══ Stored data

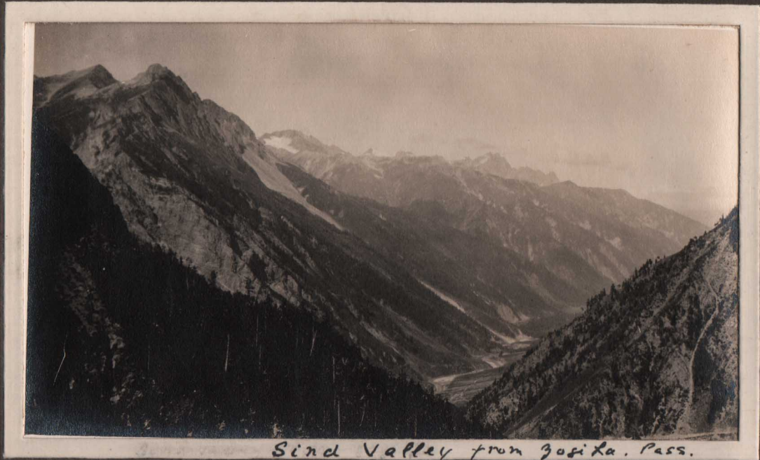
Sind Valley from Gosika Pass.
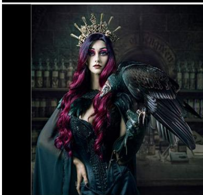
'Mistress Of The Dark Arts' by Sue Harley of Rolls Royce Derby Photographic Society (NEMPF) The GB Cup - Open 2021
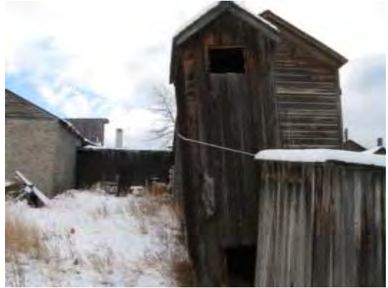
Outhouse needs to be leveled and stabilized
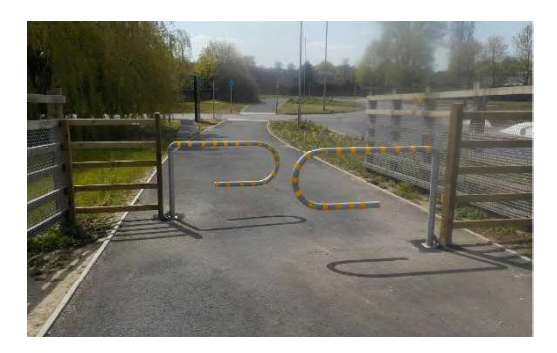
Figure 11 – View from route looking towards The Willows.

Visibility as the route approaches the Willows is generally good although it is partially obstructed by a large sign and overgrown vegetation in the northern verge of The Willows.
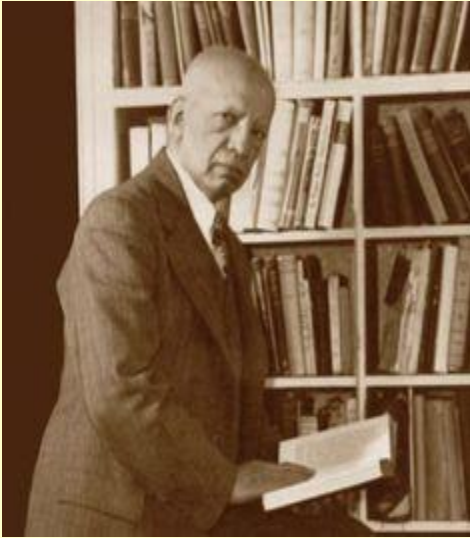
Brother Dr. Carter G. Woodson

“If we can finally succeed in translating the idea of leadership into that of service, we may soon find it possible to lift the Negro to a higher level.

════

# What you need to do
The answer must consist solely of the lines from the line containing "Visibility as the" to the end of the data, reproduced exactly, with every picture left out.

# Exercise result
Visibility as the route approaches the Willows is generally good although it is partially obstructed by a large sign and overgrown vegetation in the northern verge of The Willows.
Brother Dr. Carter G. Woodson

“If we can finally succeed in translating the idea of leadership into that of service, we may soon find it possible to lift the Negro to a higher level.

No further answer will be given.